KAMI keluar dari rumah. Ia menyetel rana. Ia mengatur tempatku berdiri, dan mulai bekerja.
Kami bergerak mengitari rumah. Sistematis. Kadang aku melihat ke samping. Kadang aku memandang lurus-lurus.
“Bagus,” ucapnya. “Begitu bagus,” ucapnya, hingga kami sudah mengelilingi rumah dan kembali ke depan. “Dua puluh. Cukup, ya.”
“Belum,” sahutku. “Di atap.”
“Ya Tuhan,” ujarnya. Ia mengamat-amati bangunan. “Baiklah. Ide yang bagus.”
Kataku, “Mereka mengambil segalanya.”
“Lihat ini!” sahut pria itu, dan lagi-lagi mengangkat kedua kaitnya.

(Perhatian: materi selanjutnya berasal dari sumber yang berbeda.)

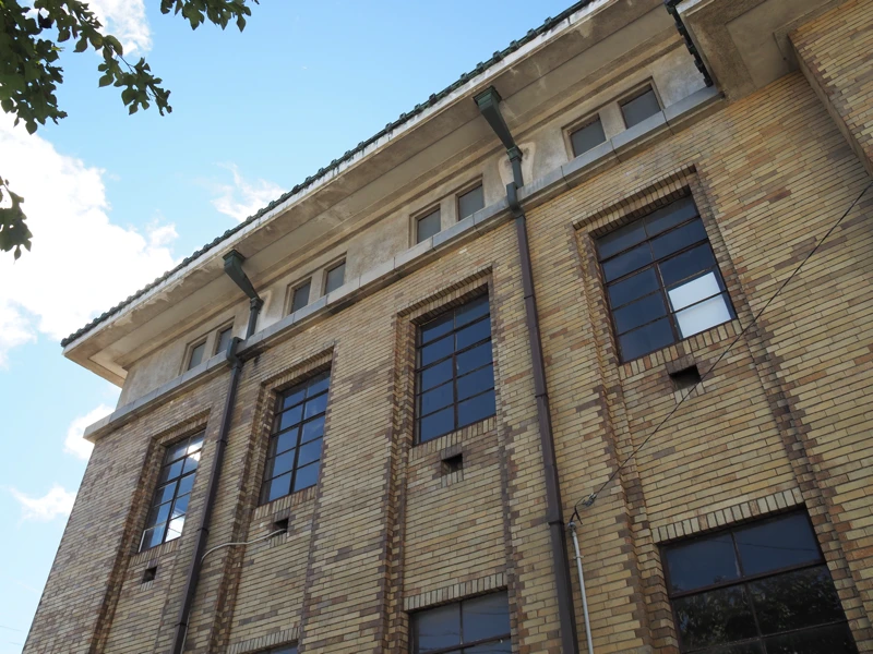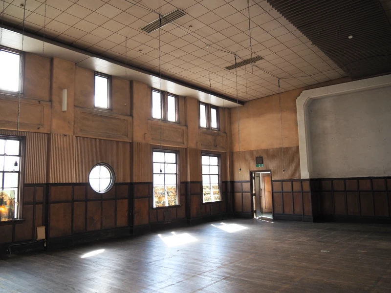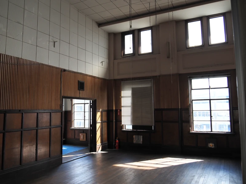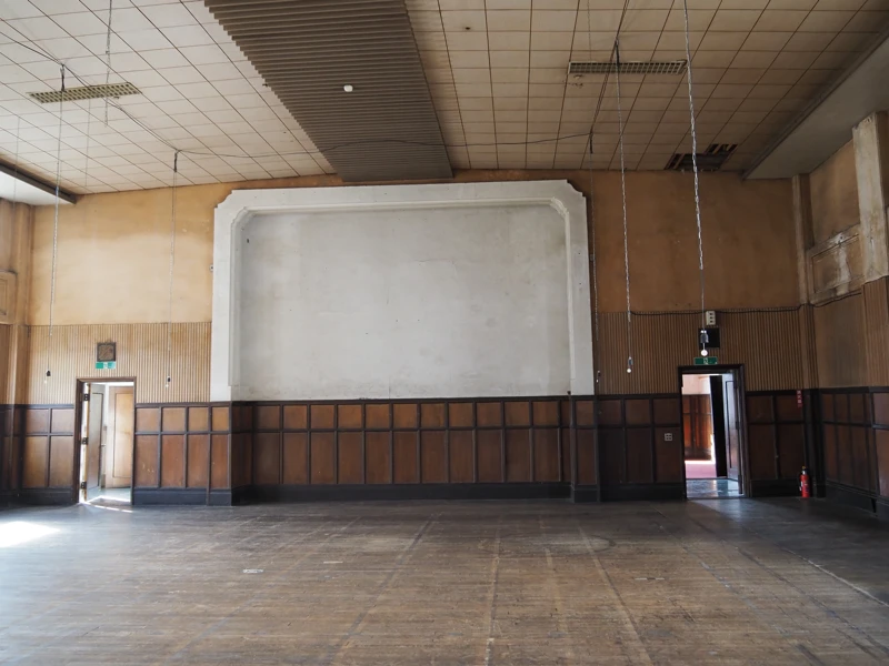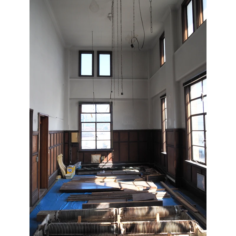 議場の東側を見ると、不自然な壁がある。これはあとで事務室として使うために間仕切りとして壁を作ったのだそうだ。
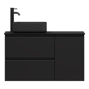 Komplett baderomsmøbel som inneholder frittstående overliggende moderne servant i matt sort underskap sammen med sideskap med mattlakkerte skuffefronter gjør dette til et unikt og stilrent design. Benkeplaten har en stilig og praktisk design laget av det sterke materialet Compact Melamin.
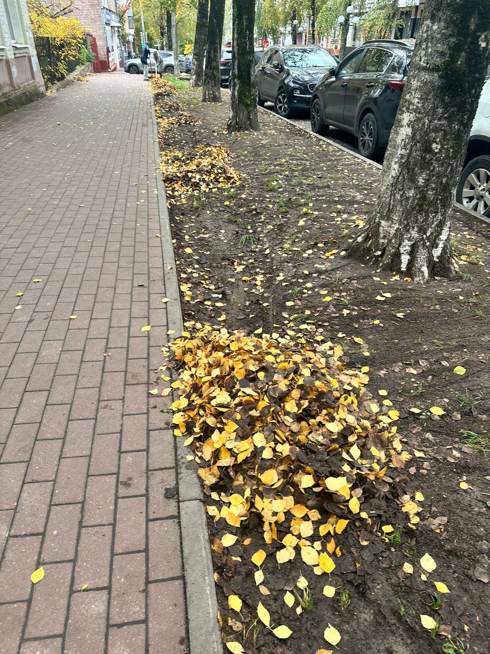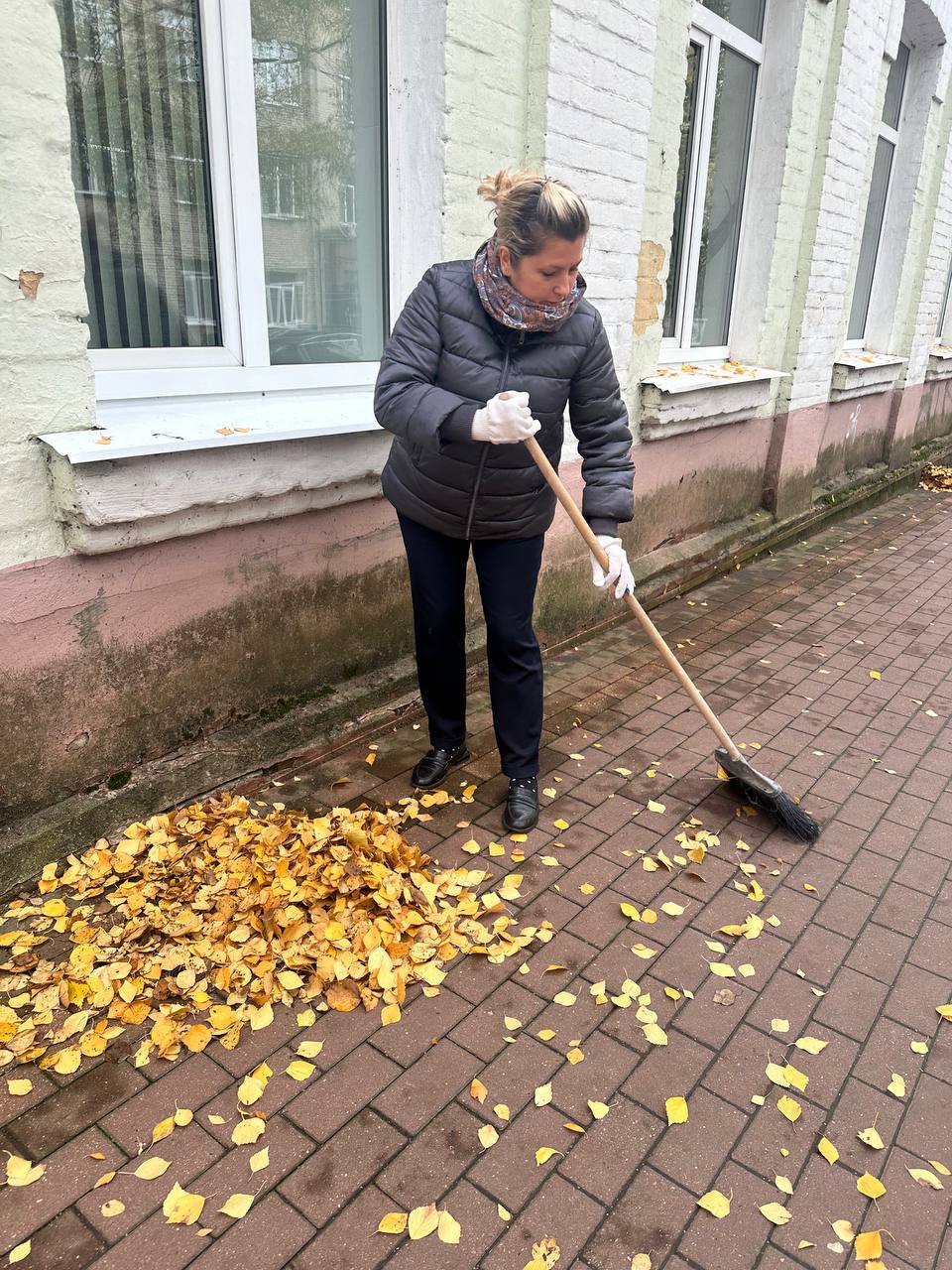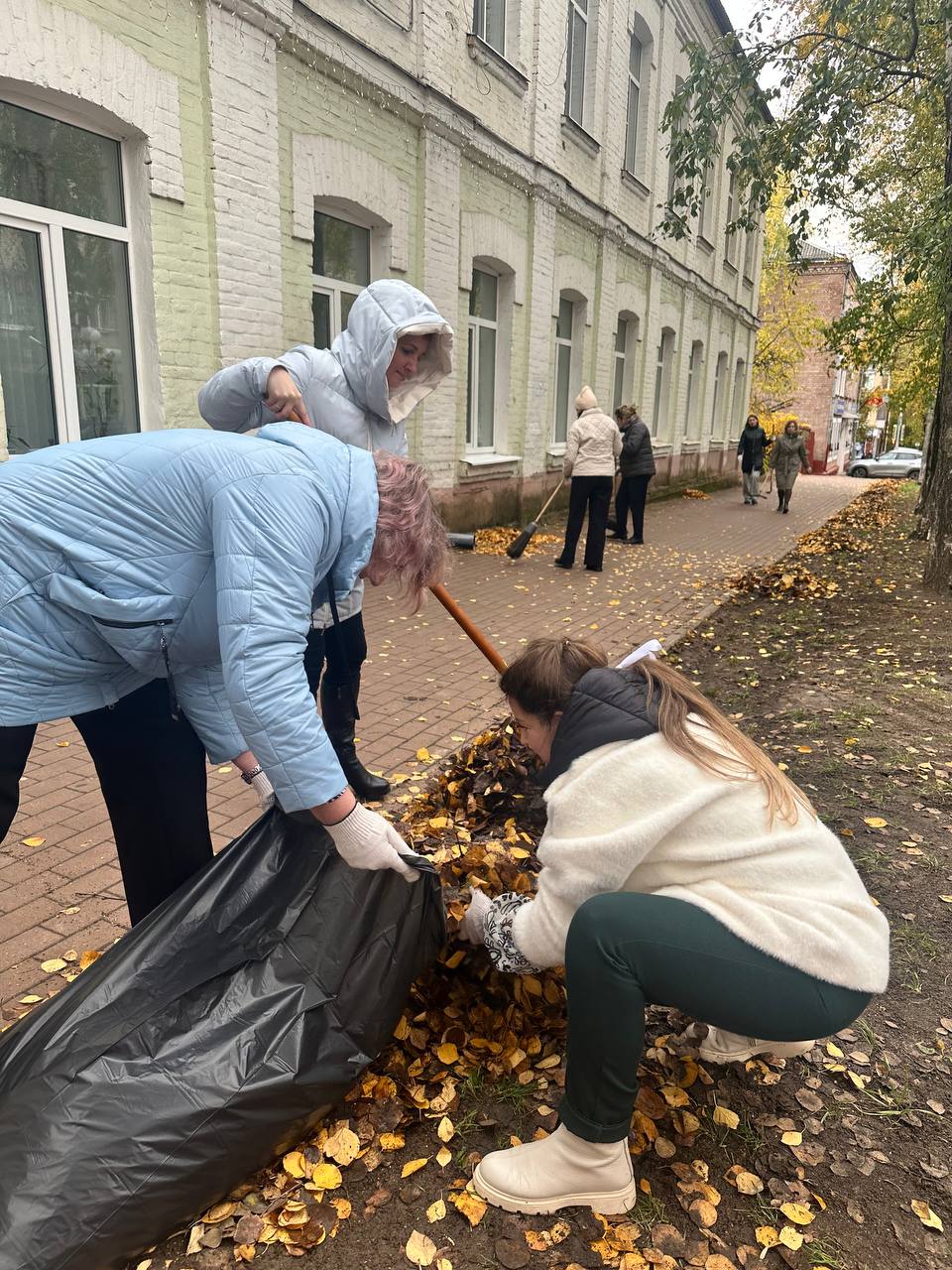 Коллективы управления культуры Брянской городской администрации и МБУ «Служба комплексного обслуживания зданий и территорий муниципальных учреждений культуры города Брянска» убрали от опавшей листвы прилегающую территорию по улице Октябрьской.
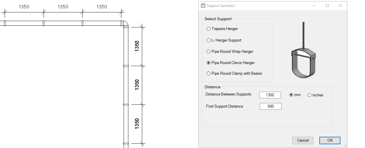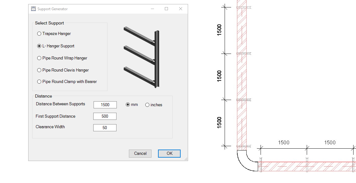 This tool is designed to distribute hanger supports along (Cable Trays,Ducts and Pipes) for different types of MEP supports:
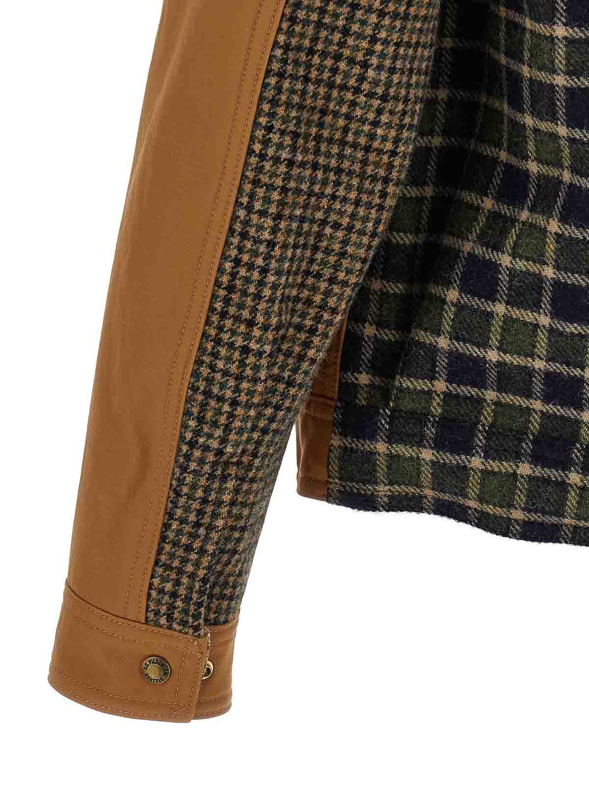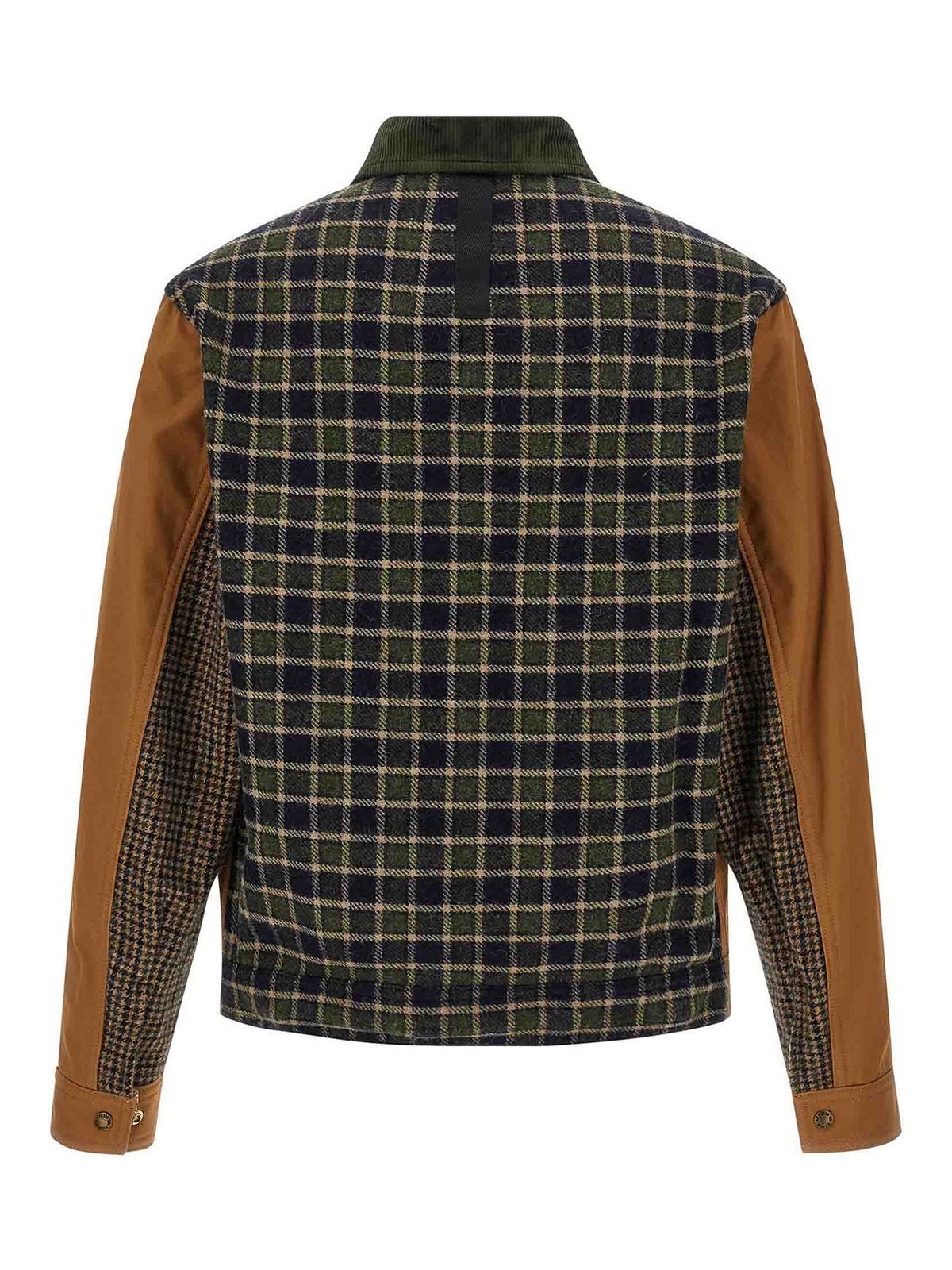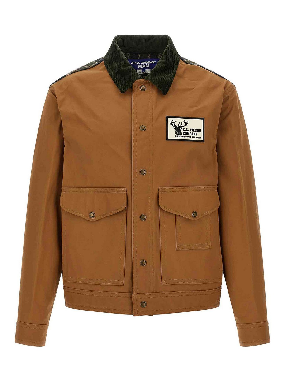Filson junya watanabe ジャケットは、裏地付きのチェック柄と千鳥格子の裏地なしコーデュロイシャツの襟、ロゴパッチ、スナップボタンポケット、袖口付きの長袖で構成されています。
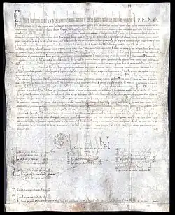 Bulle du pape Célestin III reconnaissant la fondation de l'abbaye de Strzelno en 1193 et lui accordant des privilèges.
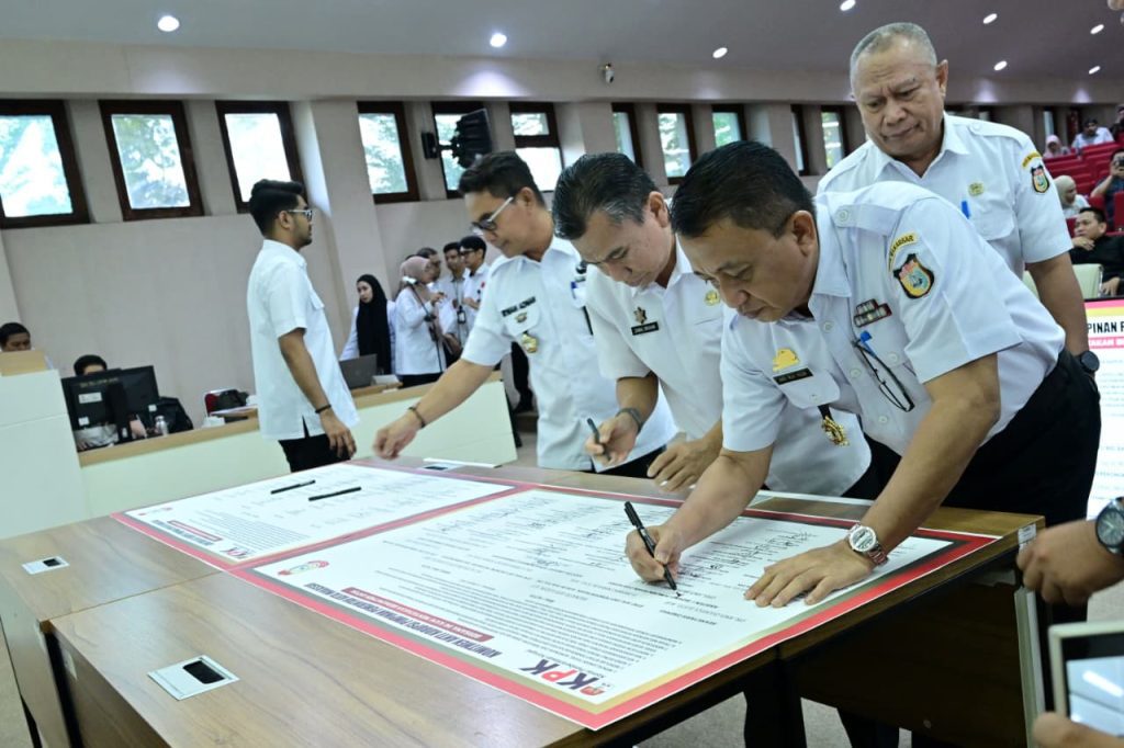 Pakta integritas tersebut memuat sembilan poin komitmen, di antaranya menolak gratifikasi, mendukung penegakan hukum, menyusun APBD berdasarkan aspirasi masyarakat, serta menolak intervensi dalam pengadaan barang dan jasa.
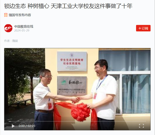 据悉,2014年5月,来自广东、上海、浙江、北京、天津、陕西、宁夏等地的近30名校友齐聚阿拉善腾格里沙漠锁边生态公益基地,开启了“天津工业大学校友生态家园”“天津工业大学校友林”的首创之举,他们大力践行绿色发展理念,为我国西部防沙治沙事业作出了天工人的积极贡献。

AKU MASUK ke rumah dan mengambil kursi. Aku meletakkannya di bawah sengkuap. Tetapi tidak sampai. Jadi aku mengambil sebuah peti dan meletakkannya di atas kursi.
Pemandangannya bagus di atap sini.
Aku berdiri dan memandang sekeliling. Aku melambai, dan pria bertangan buntung itu melambai balik menggunakan kaitnya.
Saat itulah aku melihat ada batu-batu. Batu-batu kecil itu seakan bersarang pada kasa di cerobong asap. Tahulah anak-anak. Mereka suka melontarkan batu tinggi-tinggi, ingin memasukkannya ke cerobong.
“Siap?” seruku, lalu memungut sebutir batu, dan menunggu dia membidikku dengan kameranya.
“Oke!” teriaknya.
Aku mengayunkan lengan ke belakang dan berteriak, “Sekarang!” Kulontar bajingan kecil itu sejauh mungkin.
“Bagaimana, ya,” aku mendengarnya berteriak. “Saya tidak biasa mengambil gambar bergerak.”
“Lagi!” teriakku, dan mengambil batu lain.[]



Raymond Clevie Carver, Jr. (25 Mei 1938 - 2 Agustus 1988) penulis Amerika Serikat yang terkenal akan gaya minimalisnya. Karya-karyanya berupa cerpen dan puisi. Terjemahan ini berdasarkan cerpen “Viewfinder” dalam kumpulan cerpen Raymond Carver, What We Talk When We Talk About Love (Vintage Books, Juni 1989).